One of the flaws with this system is the lessons. Students that may already know a lot of subjects but are missing just one will be sent to a lesson on that one, but instead of filling in the gaps on other subjects or don’t know on i-Ready, they immediately get sent by algorithm to the next set lesson on “My path” meaning they may just be getting retaught the same subjects over and over and over again. This may mean that students will get bored, disencouraged, and maybe even have a drop of productiveness. This will counter the meaning of i-Ready lessons, and all together will lead to multiple disadvantages. While others may argue that i-Ready expands lessons in creative ways, while that may be true this still does not counter the fact that it can be the following lessons I just listed. And as if that wasn’t enough, some schools require students to do i-Ready a certain amount. If not, a grade drop is possible.

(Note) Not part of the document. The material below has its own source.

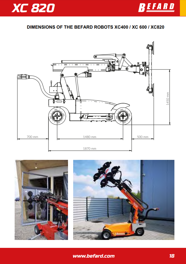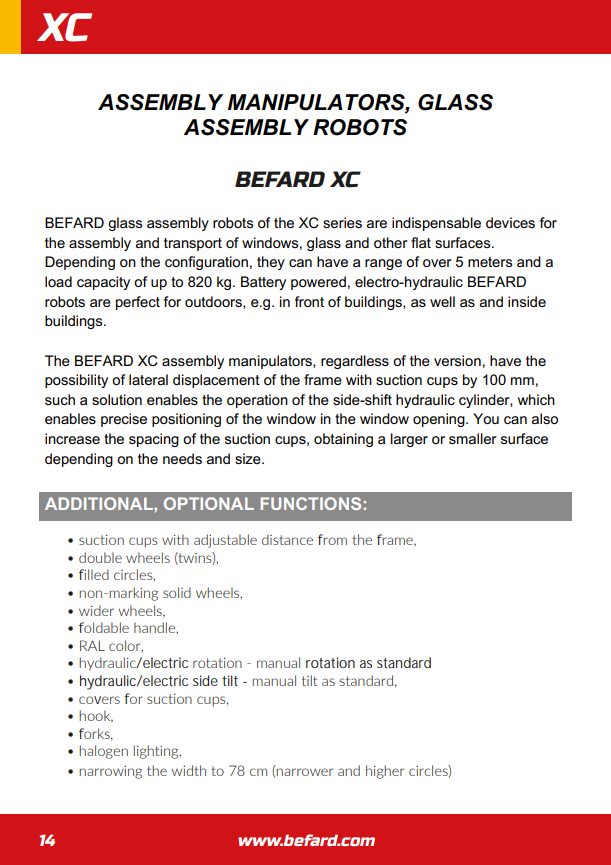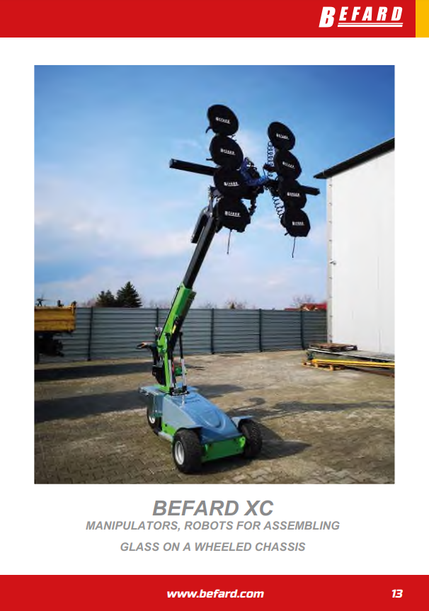 •  Τα  ρομπότ της σειράς BEFARD XC820 για τζάμια είναι αναντικατάστατες συσκευές για την τοποθέτηση και τη μεταφορά παραθύρων, γυαλιού και άλλων επίπεδων επιφανειών. Τα ρομπότ με μπαταρία, ηλεκτρικά και υδραυλικά BEFARD XC820 είναι ιδανικά τόσο για εξωτερική χρήση (π.χ. μπροστά από κτίρια) όσο και για εσωτερικούς χώρους.

Another flaw of i-Ready is how the actual lessons work. A lot of the time when you get something wrong, the lesson teaches you what you did wrong and teaches you creatively how you can get the answer. While this is good as a teaching perspective, occasionally it gets out of hand and it will take around 2 for the lesson to explain the right answer. I’m ok with this, but there is no prolonging of explaining needed. It would solve this problem to ask the student how familiar you are with the subject, and depending on what they say you get more or less explanation. This would change a lot of flaws with the system of i-Ready. Additionally, if this were in place we could also make i-Ready monitor how well you're doing at lessons. If you haven’t failed one, it could up the level, opposite for if you're failing a lot. This would help out with what level to find, as eventually the failing ones will find just the right lessons and the successful will find all the challenging lessons, and if they fail the next level, they would get sent back a level on a not done previous level lesson. i-Ready is not nearly as effective learning wise when it comes to physical education.

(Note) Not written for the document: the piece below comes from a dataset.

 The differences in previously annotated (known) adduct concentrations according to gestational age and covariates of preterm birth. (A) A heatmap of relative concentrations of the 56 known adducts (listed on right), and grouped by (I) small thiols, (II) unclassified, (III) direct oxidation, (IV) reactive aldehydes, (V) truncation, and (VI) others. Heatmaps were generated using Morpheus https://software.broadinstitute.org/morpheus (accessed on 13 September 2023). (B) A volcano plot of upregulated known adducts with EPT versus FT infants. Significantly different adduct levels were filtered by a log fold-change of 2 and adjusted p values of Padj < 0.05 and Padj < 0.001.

Yet another flaw of the iready system is that it only teaches one way. It teaches straight forward and doesn't allow many people with disabilities to engage. It also shows some questions that have multiple answers and only allows one answer as “correct”. Multiple of i-Ready’s reading lessons have questions that could be purely based off of opinion, and the source “Common Sense Education” even goes as far as saying that it's a huge waste of time and can even prevent students of all ages from learning. On their website they rated i Ready ⅕ stars on education. i-Ready is also able to cause stress, frustration, and burnout of students after just 1 or 2 lessons, and almost get no knowledge out of it. The community rating is 1.14 stars overall, and it is in need of improvement and fixing.
Overall in the opinion of mine and several others, i-Ready isn't a good learning program, and is in much need of work and improvement. Even though occasionally you can learn something from one lesson, a lot of it is mostly boredom, stress, anxiety, and frustration along with some students possibly getting the idea that their opinion is wrong. Thus this concludes why i-Ready is bad as a learning program, and only in 677 words.